There is often a misconception about women. If you listen to the rhetoric from the rampaging pack of shemales that makes up the National Organization of Women (or any other advocacy group that will talk about a woman’s right to choose, then condemn any choice that involves breast implants as “giving in” to the “culture of beauty”) you would think that women were all June Cleaver clones until the magic of the sixties somehow set them free. The success of the 19th century poker legend, “Poker Alice” stands in stark contrast to this mythical image of women in America.
Alice Ivers was born in Devonshire, England in February 17, 1851. Her schoolmaster father moved the family to the American state of Virginia when she was small. While she was a teenager he brought the family to Leadville, Colorado in hopes of cashing in on the silver rush. She was educated in elite boarding schools, and like most refined young ladies, she married a professional. Her husband, Frank Duffield, was a mining engineer and the two of them tied the knot when she was twenty. Frank didn’t last long. He was blown up during a mining accident. Before his unfortunate demise he taught his young bride to play poker. Seeing as playing poker was the major leisure activity in mining camps, it gave her something to do during the day. She was a natural at the game, and her skills helped her make a living following the death of her husband.

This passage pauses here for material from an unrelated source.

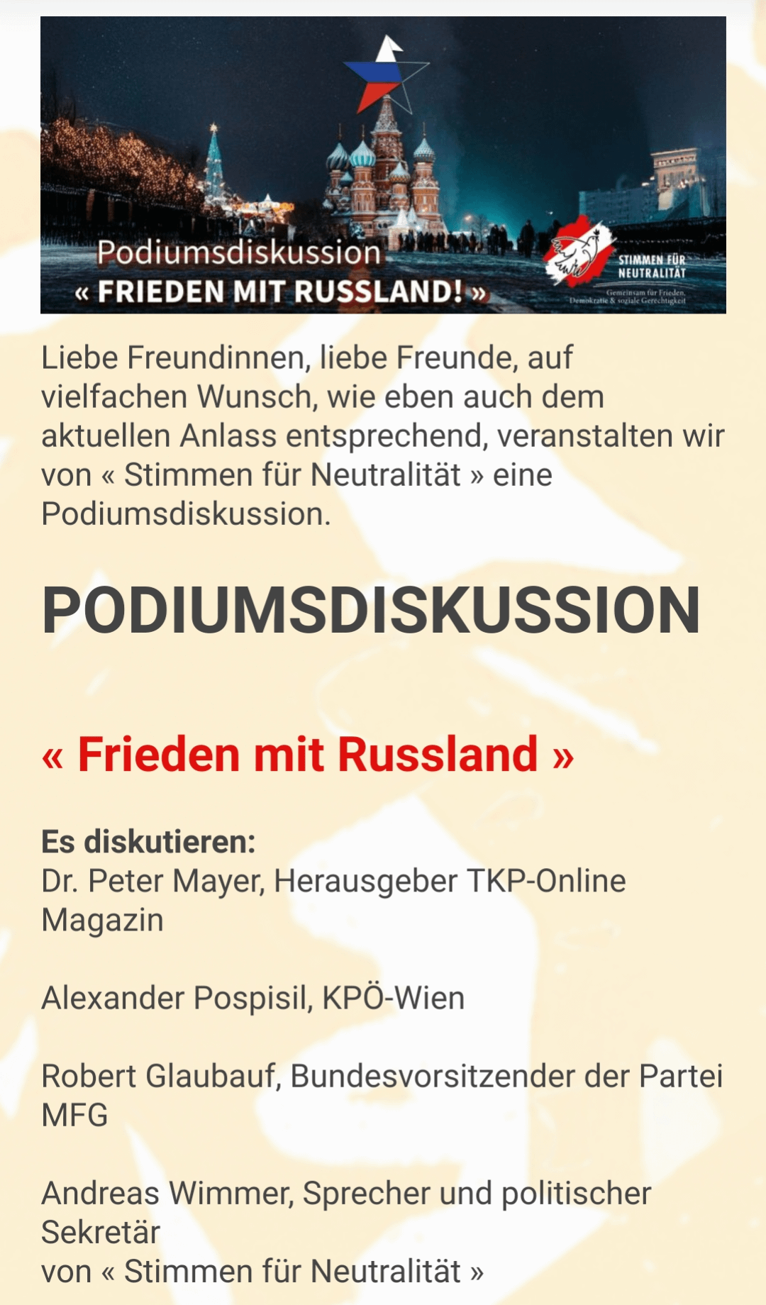 Die Vortragenden, wie auch die Diskussion, sollen sich über den westlichen Krieg in der Ukraine gegen Russland und die damit verbundenen umfassenden, wie auch weitreichenden Konsequenzen befassen.

“Poker Alice” became a successful poker player, faro player, and dealer. Her beauty and ladylike fashion sense belied her skills and occasional ferocity. The man who would become her second husband, Warren G. Tubbs, fell for her after she shot a drunken miner who was threatening Tubbs with a knife.
Alice and Tubbs supported their family of four children primarily on her winnings. On a good night Alice could bring up to $6000 home. Tubbs passed away of tuberculosis in 1910. Soon after the death of her second husband she married again. George Huckert was a gentleman she hired to watch over her livestock while she was away gambling. She eventually gave into his charms. The marriage was a brief affair as hubby number three died in 1913.
In her later years she was a bootlegger during prohibition and eventually Alice opened a boarding house that existed for the purpose of teaching women how to gamble. During this time she was repeatedly harassed by the law. She would often be arrested for running a whorehouse and paid thousands in fines, but continued to operate the house. When she was 75 she was convicted of being a Madame and sentenced to a state penitentiary. She never served a day of the sentence. The Governor of South Dakota immediately pardoned her.
She died in 1930 following Gall Bladder surgery. This pretty, gun toting, cigar smoking, gambler was born way too early. In today’s world she would be a superstar in the television poker industry.